To do: In the records below, the relevant part opens with the line containing "ОТВЕТ на задание" and closes with the line containing "Стеклянный экран из"; print that part exactly and only, without its pictures.
Entries supplied section start
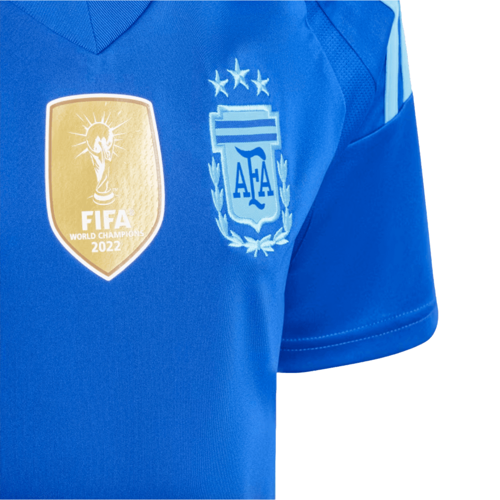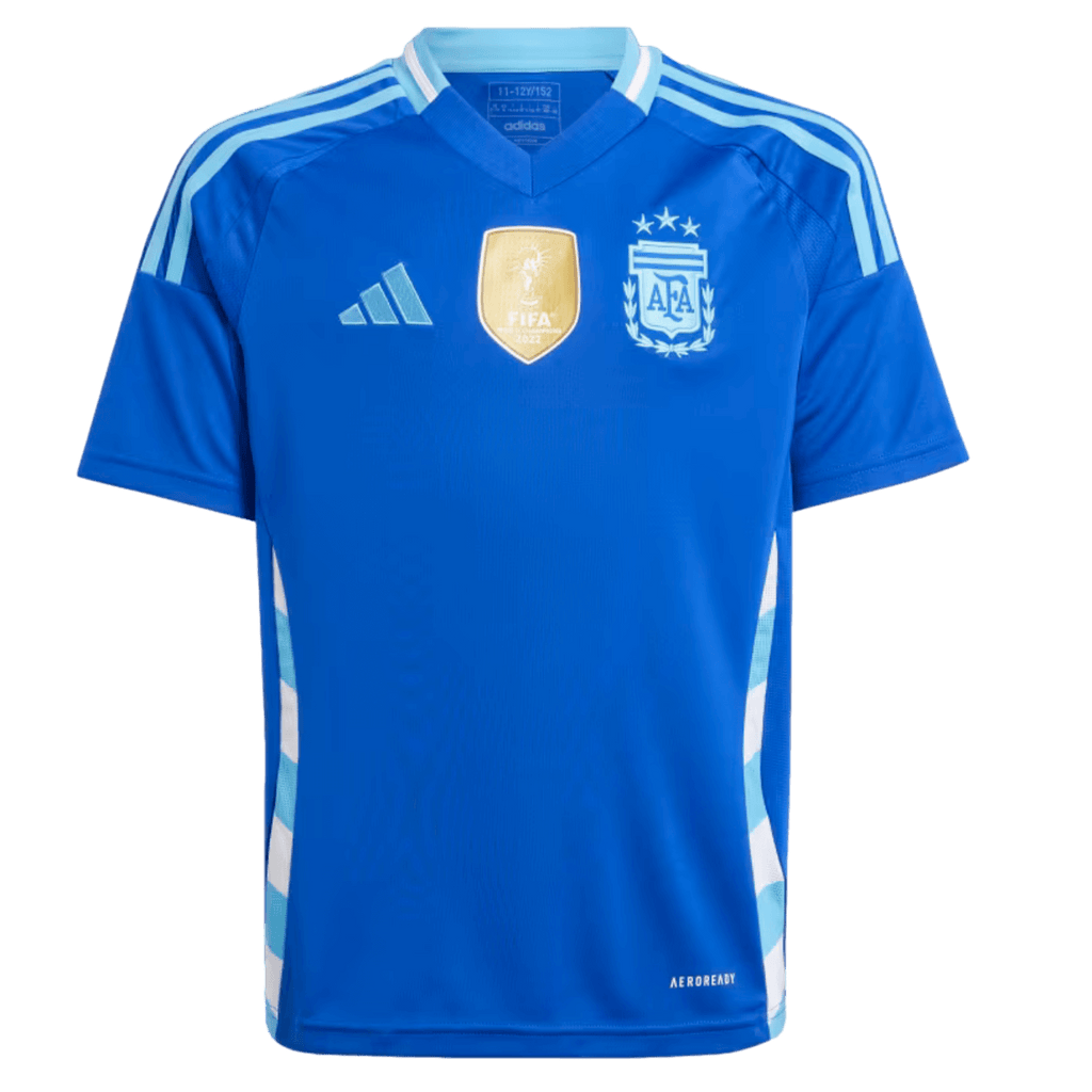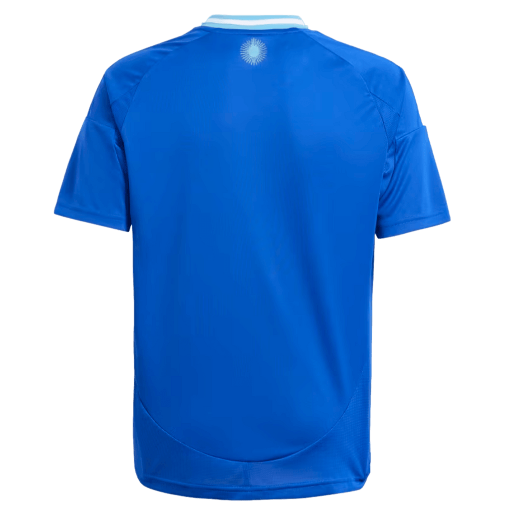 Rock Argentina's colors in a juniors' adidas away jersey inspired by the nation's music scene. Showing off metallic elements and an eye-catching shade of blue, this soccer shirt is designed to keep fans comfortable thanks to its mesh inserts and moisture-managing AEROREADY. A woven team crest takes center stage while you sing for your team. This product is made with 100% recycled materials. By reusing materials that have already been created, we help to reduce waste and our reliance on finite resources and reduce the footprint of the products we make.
Entries supplied section end
Entries supplied section start
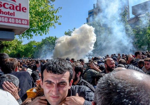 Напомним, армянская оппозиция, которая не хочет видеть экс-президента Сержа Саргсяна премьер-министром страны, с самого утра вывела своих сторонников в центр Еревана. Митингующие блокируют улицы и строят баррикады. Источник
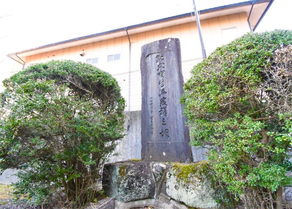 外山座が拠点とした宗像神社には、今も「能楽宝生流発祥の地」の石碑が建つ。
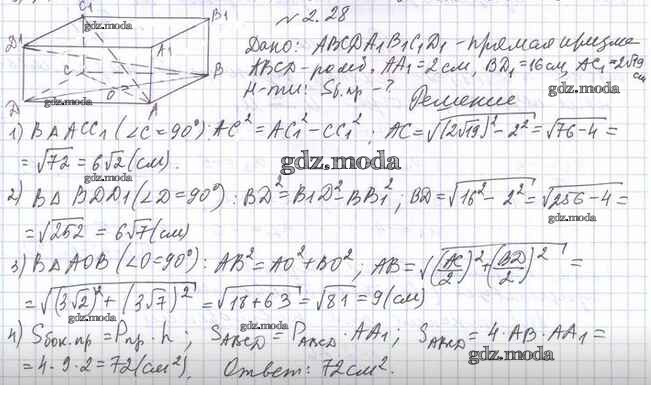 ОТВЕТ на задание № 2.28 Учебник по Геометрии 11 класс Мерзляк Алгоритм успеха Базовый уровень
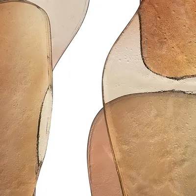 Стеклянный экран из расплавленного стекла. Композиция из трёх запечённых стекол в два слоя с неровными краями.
Entries supplied section end
Written answer:
 ОТВЕТ на задание № 2.28 Учебник по Геометрии 11 класс Мерзляк Алгоритм успеха Базовый уровень
 Стеклянный экран из расплавленного стекла. Композиция из трёх запечённых стекол в два слоя с неровными краями.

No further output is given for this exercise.